Common use of No Conflict; No Default Clause in Contracts

No Conflict; No Default. The execution, delivery and performance by each Borrower of the Borrower Loan Documents will not (a) violate in any material respect any provision of any law, statute, rule or regulation or any order, writ, judgment, injunction, decree, determination or award of any court, governmental agency or arbitrator presently in effect having applicability to such Borrower, (b) violate or contravene any provision of the Articles of Incorporation, bylaws or limited liability company agreement of such Borrower, or (c) result in a breach of or constitute a default under any indenture, loan or credit agreement or any other agreement, lease or instrument to which such Borrower is a party or by which it or any of its properties may be bound or result in the creation of any Lien thereunder which breach or default could reasonably be expected to constitute a Material Adverse Occurrence.
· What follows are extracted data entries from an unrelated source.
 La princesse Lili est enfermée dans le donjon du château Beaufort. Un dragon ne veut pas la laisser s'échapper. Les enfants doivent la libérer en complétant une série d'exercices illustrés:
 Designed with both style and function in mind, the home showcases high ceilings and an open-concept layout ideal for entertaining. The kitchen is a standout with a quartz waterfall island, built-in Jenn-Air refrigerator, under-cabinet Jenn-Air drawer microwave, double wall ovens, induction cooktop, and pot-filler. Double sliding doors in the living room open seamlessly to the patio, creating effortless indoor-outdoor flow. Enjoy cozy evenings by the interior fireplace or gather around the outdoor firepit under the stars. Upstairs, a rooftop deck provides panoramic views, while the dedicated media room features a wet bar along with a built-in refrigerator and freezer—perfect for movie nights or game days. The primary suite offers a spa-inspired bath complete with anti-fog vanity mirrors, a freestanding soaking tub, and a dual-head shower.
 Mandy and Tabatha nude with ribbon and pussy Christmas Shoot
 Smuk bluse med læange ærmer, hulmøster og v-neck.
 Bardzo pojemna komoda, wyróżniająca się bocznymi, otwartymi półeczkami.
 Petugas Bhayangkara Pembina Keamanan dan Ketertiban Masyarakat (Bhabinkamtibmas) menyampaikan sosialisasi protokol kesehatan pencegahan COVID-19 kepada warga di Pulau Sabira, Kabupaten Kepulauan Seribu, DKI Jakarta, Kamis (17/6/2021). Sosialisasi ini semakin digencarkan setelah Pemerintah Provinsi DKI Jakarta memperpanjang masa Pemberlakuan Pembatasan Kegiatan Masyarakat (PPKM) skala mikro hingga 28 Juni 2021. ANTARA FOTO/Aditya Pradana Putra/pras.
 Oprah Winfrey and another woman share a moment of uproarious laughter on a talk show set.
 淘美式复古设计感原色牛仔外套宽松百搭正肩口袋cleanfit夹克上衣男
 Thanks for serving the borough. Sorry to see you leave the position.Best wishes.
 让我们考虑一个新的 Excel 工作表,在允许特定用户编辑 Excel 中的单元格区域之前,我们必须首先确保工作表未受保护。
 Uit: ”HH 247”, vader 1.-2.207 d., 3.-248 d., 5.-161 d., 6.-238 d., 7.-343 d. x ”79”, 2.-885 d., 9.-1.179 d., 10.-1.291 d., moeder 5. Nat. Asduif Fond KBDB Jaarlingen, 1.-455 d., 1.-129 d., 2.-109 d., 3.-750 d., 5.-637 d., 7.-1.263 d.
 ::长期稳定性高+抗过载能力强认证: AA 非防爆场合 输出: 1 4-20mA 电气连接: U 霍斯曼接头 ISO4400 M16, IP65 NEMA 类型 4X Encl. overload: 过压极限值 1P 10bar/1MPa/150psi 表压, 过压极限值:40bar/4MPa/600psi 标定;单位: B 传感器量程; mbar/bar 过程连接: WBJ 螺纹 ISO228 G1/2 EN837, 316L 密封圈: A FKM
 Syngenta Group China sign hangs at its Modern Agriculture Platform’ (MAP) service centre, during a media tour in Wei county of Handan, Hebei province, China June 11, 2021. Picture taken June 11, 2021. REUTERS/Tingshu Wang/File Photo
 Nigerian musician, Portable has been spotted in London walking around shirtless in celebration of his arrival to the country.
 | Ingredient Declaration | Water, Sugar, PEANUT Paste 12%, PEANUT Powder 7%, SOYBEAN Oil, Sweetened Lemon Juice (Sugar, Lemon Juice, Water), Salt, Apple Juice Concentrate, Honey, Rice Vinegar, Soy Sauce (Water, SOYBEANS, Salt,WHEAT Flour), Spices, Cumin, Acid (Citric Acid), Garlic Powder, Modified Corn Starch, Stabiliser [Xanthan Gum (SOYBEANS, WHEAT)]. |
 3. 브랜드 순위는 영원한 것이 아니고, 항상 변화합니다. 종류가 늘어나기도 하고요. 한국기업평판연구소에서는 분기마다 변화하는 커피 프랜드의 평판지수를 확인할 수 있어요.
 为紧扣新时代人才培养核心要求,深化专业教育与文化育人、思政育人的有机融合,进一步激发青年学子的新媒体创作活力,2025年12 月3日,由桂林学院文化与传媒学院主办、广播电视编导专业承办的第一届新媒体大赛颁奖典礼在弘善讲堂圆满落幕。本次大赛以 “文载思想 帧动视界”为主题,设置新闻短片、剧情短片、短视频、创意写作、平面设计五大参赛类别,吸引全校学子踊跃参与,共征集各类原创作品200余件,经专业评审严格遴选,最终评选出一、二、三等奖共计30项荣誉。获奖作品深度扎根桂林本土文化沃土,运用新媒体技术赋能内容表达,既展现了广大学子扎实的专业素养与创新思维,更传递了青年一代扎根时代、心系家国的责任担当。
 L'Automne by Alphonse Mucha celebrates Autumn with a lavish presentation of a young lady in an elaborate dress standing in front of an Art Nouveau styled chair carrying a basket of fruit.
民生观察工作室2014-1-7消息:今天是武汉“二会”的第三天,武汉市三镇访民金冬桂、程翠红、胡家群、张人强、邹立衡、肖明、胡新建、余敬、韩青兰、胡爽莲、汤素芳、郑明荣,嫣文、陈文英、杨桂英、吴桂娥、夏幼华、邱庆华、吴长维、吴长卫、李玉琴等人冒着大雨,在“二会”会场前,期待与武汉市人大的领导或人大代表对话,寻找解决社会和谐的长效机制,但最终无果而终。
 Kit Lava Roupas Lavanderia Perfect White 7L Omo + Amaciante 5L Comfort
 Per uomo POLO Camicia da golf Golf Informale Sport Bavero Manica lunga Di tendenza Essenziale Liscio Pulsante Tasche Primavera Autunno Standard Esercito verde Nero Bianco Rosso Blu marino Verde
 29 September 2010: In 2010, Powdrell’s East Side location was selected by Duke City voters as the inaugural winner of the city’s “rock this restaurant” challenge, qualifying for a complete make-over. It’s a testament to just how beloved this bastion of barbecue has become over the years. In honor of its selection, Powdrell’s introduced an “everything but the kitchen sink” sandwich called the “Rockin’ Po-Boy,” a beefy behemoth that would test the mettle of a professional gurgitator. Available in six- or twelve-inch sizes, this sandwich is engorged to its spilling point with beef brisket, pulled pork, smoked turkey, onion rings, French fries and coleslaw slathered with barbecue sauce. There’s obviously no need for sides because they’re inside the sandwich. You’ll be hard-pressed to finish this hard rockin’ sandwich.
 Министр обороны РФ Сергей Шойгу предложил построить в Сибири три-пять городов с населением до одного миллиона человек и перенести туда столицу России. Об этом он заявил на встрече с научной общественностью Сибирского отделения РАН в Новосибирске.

No Borrower is in default under or in violation of any such law, statute, rule or regulation, order, writ, judgment, injunction, decree, determination or award or any such indenture, loan or credit agreement or other agreement, lease or instrument in any case in which the consequences of such default or violation could reasonably be expected to constitute a Material Adverse Occurrence.

Appears in 2 contracts

Samples: Credit Agreement (Dolan Media CO), Credit Agreement (Dolan Media CO)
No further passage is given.